Proudfoot
- Type: Private
- Industry: Management consulting services
- Founded: Chicago, USA, 1946
- Headquarters: London, United Kingdom
- Key people: Neil O'Brien (Chairman & CEO)
- Website: www.proudfoot.com

= Proudfoot (company) =

Proudfoot is a consulting company. The company provides professional services across a wide range of industries and sectors.

==Naming==
The company was originally named Alexander Proudfoot PLC, after its founder.

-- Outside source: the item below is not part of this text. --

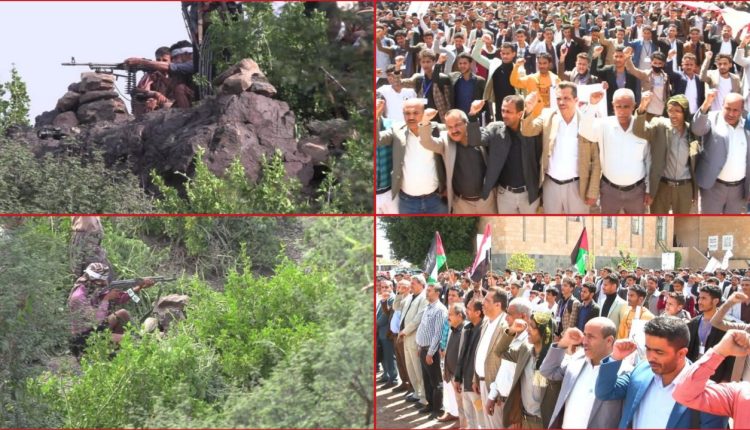 من محافظة ذمار، احتشد المئات من الأكاديميين والإداريين والطلبة في ساحات جامعة ذمار، مردّدين شعارات العزّة والكرامة، ومؤكدين أن نصرة الشعب الفلسطيني التزام إيماني وواجب إنساني يعبّر عن هوية الشعب اليمني ونصرته للحق منذ الأزل.

In 1993 it shortened its name to Proudfoot PLC. In January, 2001 it changed its name to the current name of Management Consulting Group, PLC.

==Timeline==
- 1946 - Mr Alexander "Alec" Proudfoot founded the Alexander Proudfoot Company in Chicago, USA. He led the business until his death in 1968, when the company was bought from his widow by senior management.
- 1960s - Proudfoot began its expansion from Chicago, first in the USA and then in collaboration with Unibanco in Brazil.
- 1970s - Proudfoot began operations in Europe, and opened a London office.
- 1980s - To expand its global scope Proudfoot opened a Singapore branch, followed by one in Sydney shortly afterwards. By the late eighties Proudfoot had offices across the Asia-Pacific region.
- 1989 - Alexander Proudfoot PLC purchased Philip Crosby Associates, then a US Stock Exchange publicly traded company. This company deteriorated in the mid-1990s, closed in 1996 and partially resold in 1997 to its original owner.
- 1991 - Alexander Proudfoot PLC took over from Indevo, a strategy consultancy with its Stockholm head office. Part of the business was sold and the remainder closed in 1993.
- 1993 - Proudfoot PLC has changed its name to Proudfoot PLC.
- 2000 - IMR Europe, a Proudfoot clone with significant presence in France and Spain, was bought by Proudfoot PLC.
- 2001 - The name of Proudfoot PLC was changed to Management Consulting Group PLC.

==Proudfoot==

===Overview===
Proudfoot is a consulting company eponymous of its founder, Alexander Proudfoot, that was founded in Chicago, Illinois during 1946. Over its history it has also opened offices in South Africa, Hong Kong, Brazil, Canada, France, Germany, Chile, UK and Mexico City. The company was initially known as Proudfoot Consulting PLC, and changed its name to that of its founder in 2009. The company provides strategies for improving the financial and operational infrastructure of client companies. Industries that the company has worked within include the defense industry, automotive industry, banking and construction sectors, insurance, life sciences, mining, oil and gas, manufacturing and retail, telecommunications, and transportation. The firm works with private and public companies, and is hired to improve the efficiency of those companies over either short-term or long-term contracts. Their CEO is Neil O'Brien and the executive chairman is Nick Stagg.

===Studies===
Proudfoot also produces studies regarding workforce dynamics. A 2007 study of theirs showed that during that year, the manufacturing sector had a 37% rate of unproductive work force time, and that worldwide companies were 29% below optimum productive efficiency. Further studies by the firm showing non-productivity have shown that the fault is not always with the employees, and that often the lack of productivity is the result of bad or faulty management. In 2009 a study by Alexander Proudfoot showed that on average a salesperson only spends one fifth of their day actually prospecting or closing sales, and usually believes they have spent twice the time they actually have on sales work.